What happens when small businesses choose to utilize inbound marketing professionals to run their marketing programs? The biggest challenge is the lack of authenticity. People that write content for you aren’t YOU. Only you can be you, and people in your community know when it’s not.
Five years ago, I hired a team member to run my “social media campaigns”, preferably remotely. He was instructed to feature local businesses a couple of times a week on Facebook. My wife called me one summer afternoon and said: “I’ve wanted to have lunch at that restaurant for a long time. Why didn’t you take ME?” I had no idea what she was talking about, or worse, why she was upset. When I checked my Facebook timeline, it became obvious: My social media manager had posted a review for me. Not only would I have never chosen to eat at the restaurant, anyone who knows me could figure out in milliseconds that I would never order the menu items he mentioned in the review. In that instant I realized that my role as a business owner had to change. No longer could I be seen as a “salesman”. In order to survive in a world demanding transparency and authenticity, I had to develop a personal brand and align it closely with that of the company. No longer could I sell products and services: I had to begin marketing myself.
Almost everything has changed since that day 5 years ago. Everything, that is, except the diligent focus on providing exceptional value and service. Anyone who reaches out to a business for service today expects to be served on their timeline and according to their needs. Even more, today’s ultimate close isn’t really a close at all. It’s more like a trust-building interaction to confirm authenticity…
Don’t send your best friend on YOUR blind date.
When I was a kid, my dad used to spend every Saturday morning from 7am to Noon at the grain elevator lobby in our local town. He and a dozen other farmers got together to talk about anything anyone wanted to discuss. When I went along, one of the men always gave me a shiny quarter to buy an Orange Crush in a 10-ounce bottle from the Coca-Cola chest-cooler. Back then, I thought it was because he liked me. Now that I’ve been a father for 18 years, I’m pretty sure it was to keep me quiet so dad could socialize.
Why did I tell you this? How is 1972 applicable to today? Because people like my dad and his friends were all about community. Their sense of belonging made time stand still because they shared common world views. Today the Internet adapts the desirable characteristics of 1972 while diminishing or even eliminating the constraints of geography. Consumers’ options are longer defined by the yellow pages. Businesses, their products and services, and even their representatives can be searched, researched, located, contacted, interacted with, mapped, and transacted with…no matter where they are in the world.
What does that mean to consumers?
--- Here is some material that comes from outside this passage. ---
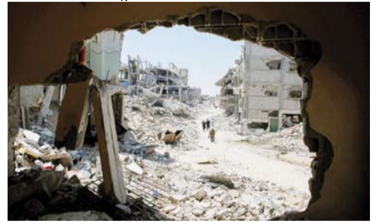
دمار كبير في غزة

غير القانوني في الأرض الفلسطينية المحتلة.

A couple of things. First, if you’re already being served by a business, but you don’t share complementary world views with the representative you were formerly bound or assigned to, you can research and locate a provider you ARE compatible with. Doing so contributes to the creation of a community where you belong instead of feeling like a prospect constantly being sold to. Second, you can regain control of your time. You’ll be able to confidently ignore a majority of the interruptions competing for your attention every day. If you have the desire, you can now research and compare every brand that you believe to be a fit to provide for YOUR needs as well as identifying the company representatives you feel most compatible with.
When you follow this process, you’ll find yourself in a much happier place. You’ll be part of a community of people who share similar world views. Everyone is set free from the continuous interruptions by representatives who “just don’t get it”.
Sounds pretty appealing, doesn’t it?